April 30, 2001|By Dan Rodricks

THAT BUNGLED bank robbery in downtown Baltimore the other day - two guys rob a bank; one runs into an federal agent on a lunchtime stroll, while the other runs to the illegally parked getaway car, which is being ticketed by a city cop - has been nominated for a Gibby.

But the Society for the Preservation of Guilty But Mostly Stupid Criminality, meeting in emergency session at my house over the weekend, tabled the nomination after a long and sometimes heated debate that reflected dramatic changes in attitudes about the awards and the feats they were established to recognize.

One wins a Gibby if one is found to be GBMS (guilty but mostly stupid). Winners of Gibbys are men and women - and sometimes juvenile delinquents - who do moronic things in the attempted perpetration of crimes, facilitating their immediate arrests by law enforcement authorities and providing, in this otherwise depressing era of crime, comic relief.

The Gibbys were established in 1981, when it was felt tribute should be paid to a pair of brothers who had attempted to rob a Glen Burnie bank by going there at night, hooking one end of a chain to the handle of the bank's night-deposit box, the other end to the bumper of their car, then gunning the engine. Instead of ripping the deposit box loose, the brothers managed to tear the bumper away from their car. Sensing trouble, they fled the scene, leaving the bumper - and their license plate - behind.

The bonehead bumper caper won the first Gibby.

There have been many other winners in the two decades since then.

We've had guys who locked the keys inside their getaway cars, and burglars who got stuck in chimneys and ventilation shafts. Who can forget the Baltimore car thief who answered the car phone and agreed to return the car to its owner at a certain time and a certain place, where - it somehow never occurred to the thief - the police were certain to show up?

There was a Philadelphia guy who, during a police chase, decided to jump from the passenger side of a getaway car into some shrubs; the shrubs turned out to be the tops of trees along a high overpass.

Ten years ago, in the Essex section of Baltimore County, a shoplifter ran out of a store in the Middlesex Shopping Center and, in an effort to evade security guards in pursuit, frantically knocked on the doors of several cars before one of the motorists let him in. The accommodating motorist turned out to be an off-duty county cop.

I could go on, so I will.

There was a guy in Florida, under house arrest for burglary, who slipped off one weekend to watch the Grand Prix races in Miami and told a TV reporter there what a great time he was having.

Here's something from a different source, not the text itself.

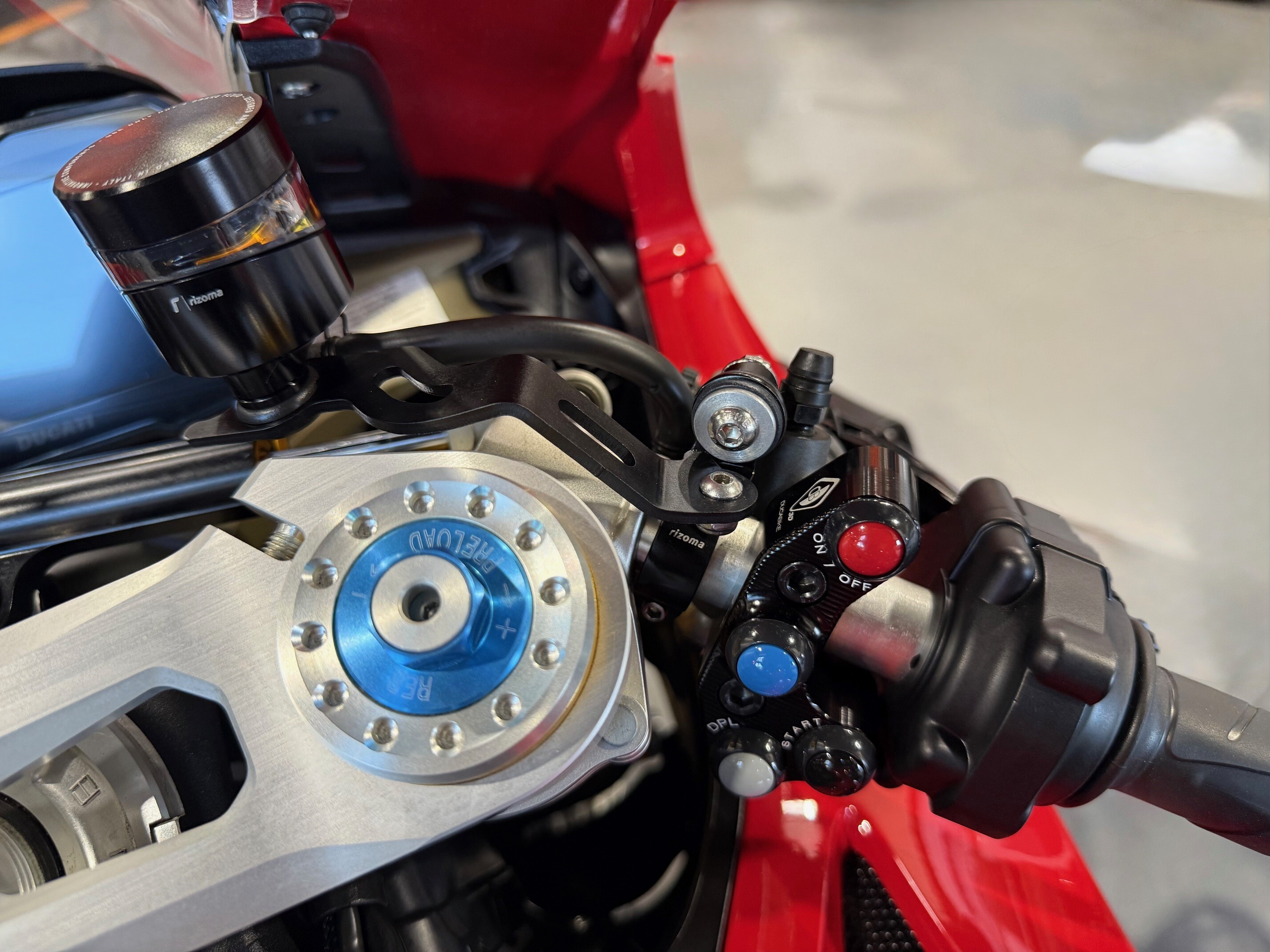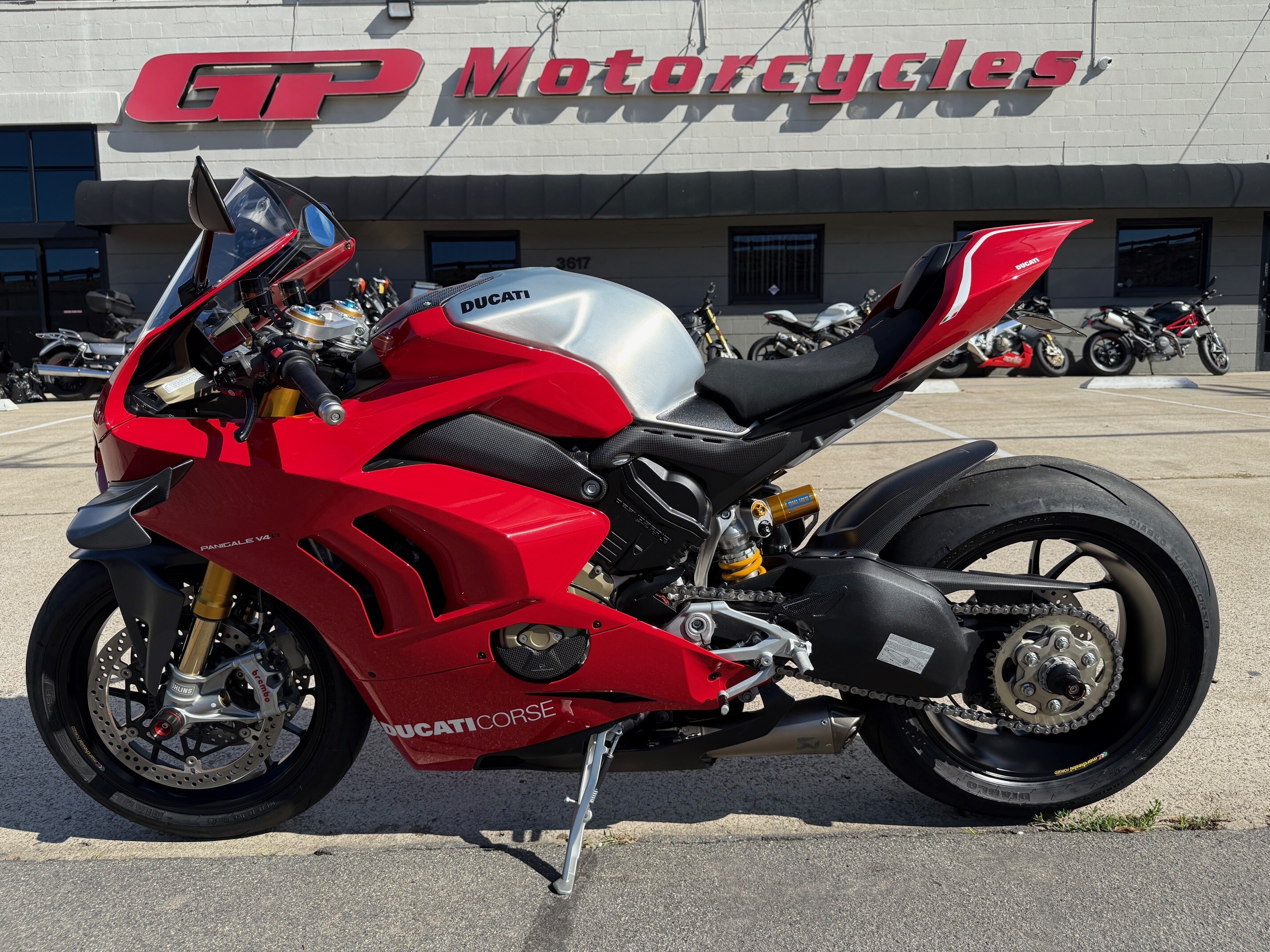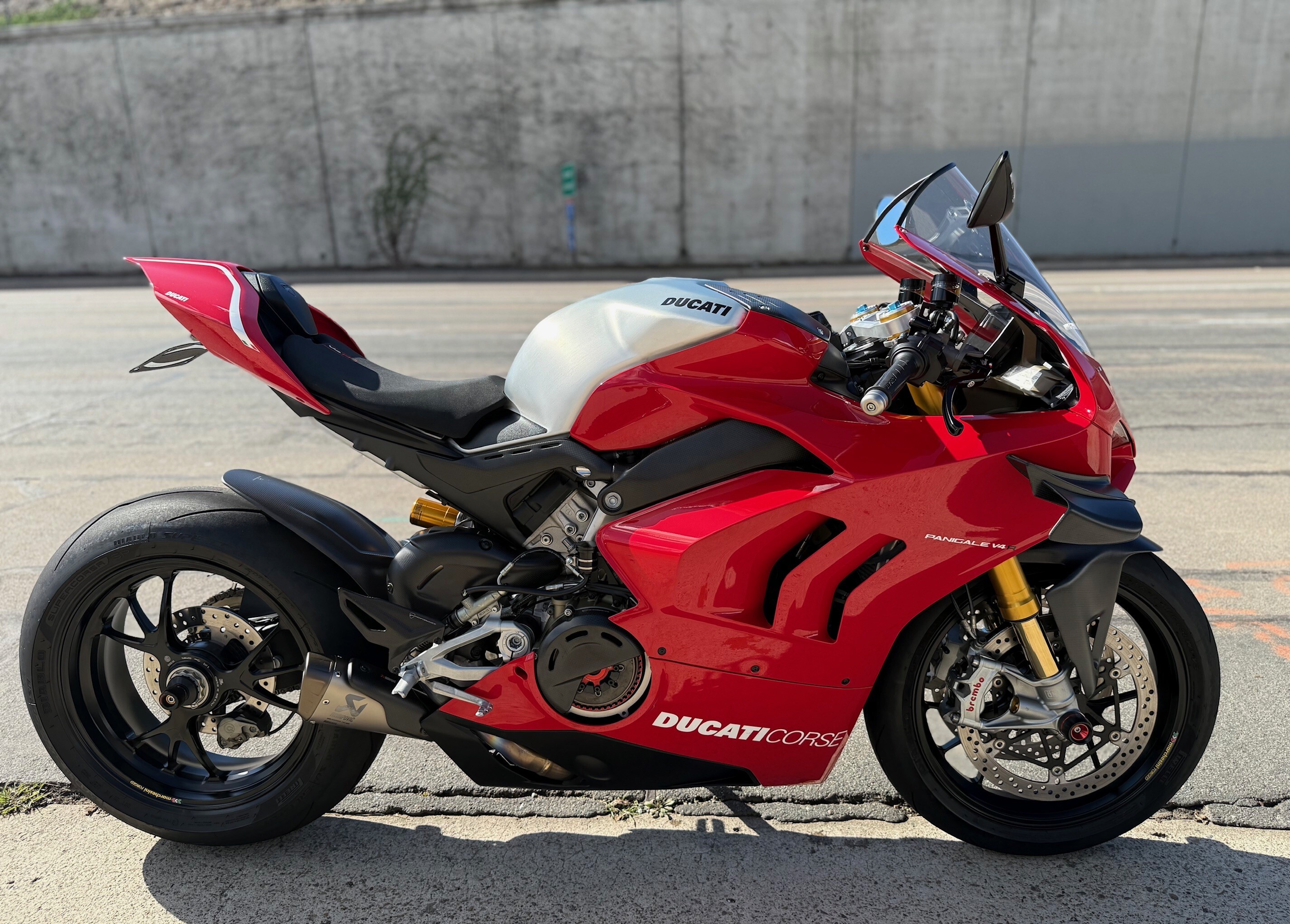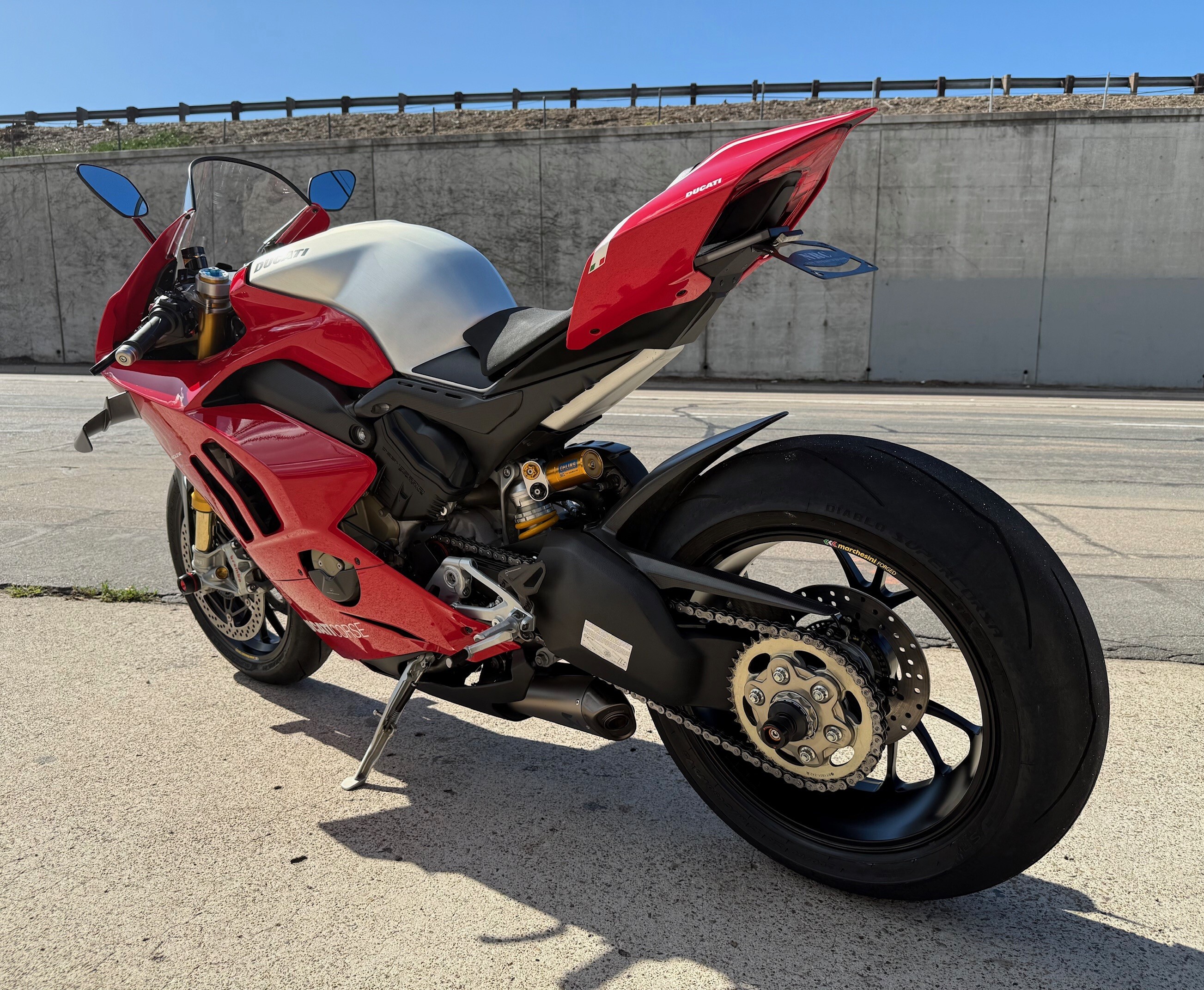 This excellent condition, pre-loved V4R with 3351 miles was just traded in. The 2019 Panigale V4 R is a 998cc street-legal superbike stunner with 221 horsepower, up-spec racing suspension and winglets. Built to win World Superbike Races and Championships. The bike has not been crashed or dropped. This bike was owned by a mature owner, who bought it new at GP Motorcycles. The bike will come with 2 keys. The engine is a 998cc, Desmosedici Stradale R unit, a smaller, but more powerful mill rated at 221 horsepower and 83 lb-ft of torque for a dry weight of only 379 lb (versus 214 hp and 384 lb for the standard 1-liter V4). This bike has the optional Ducati Performance racing Akrapovič exhaust which takes the R to 234 hp and sheds over 10 pounds. These numbers give the Panigale V4 R the ultimate title of most powerful production Ducati ever built to that point. Other extras on the bike includes: RCS Brake master cylinder, RCS Clutch master, with Rizoma reservoirs, Axle Sliders, Tail Tidy, Full Akro Ti system, Carbon rear fender, carbon ignition cover, carbon heal guards, carbon clutch cover with red STM clutch basket, carbon tank cover, carbon key guard, carbon frame covers, carbon subframe covers, Radiator/oil cooler guards, Ducabike right hand billet switches and Rizoma mirrors.

His parole agent saw the whole thing on television.

There was a woman in California who took part in a burglary, decorated her home with some of the loot, then months later held a neighborhood crime-watch party. Among guests was the victim of the burglary, who recognized her stuff in the house.

We awarded a Gibby to the burglar in Oregon who hired a cab driver to take him on his rounds, never thinking the cabbie would become suspicious when he filled the cab with computer equipment.

Gibbys went to burglars who fell asleep in houses and didn't wake up until their victims came home.

A car theft suspect in Louisiana dropped his wallet while running from police and actually showed up at a police station a few hours later to see if anyone had turned it in. He got a Gibby, too.

Violent crimes are not considered, and, in recent years, some members of the awards committee have become reluctant to give a Gibby to anyone who uses a gun in the commission of a crime - even if no one is hurt.

But that has made it increasingly difficult to find decent nominations. Some committee members believe the standard to be unrealistic. They argue that bank robberies, for instance, frequently involve guns and dumb crooks.

For years, inept bank robbers won Gibbys handily. We had the case of the guy in New York who decided to stick up the bank used by agents from the FBI's Manhattan office to cash their paychecks - and he picked payday for the robbery and found himself surrounded by half a dozen feds.

Past Gibby winners include bank robbers who wrote stick-up notes on personal stationery and on the backs of their personalized checking deposit slips. At least one robber held up a Baltimore bank while wearing an Army field jacket - with his last name stenciled over the breast.

So the committee has seen a lot of Gibby nominees from the ranks of bank robbers. They suffer from the Tom Hanks syndrome - they're too good and they get too many awards, so the committee now sets the bar too high.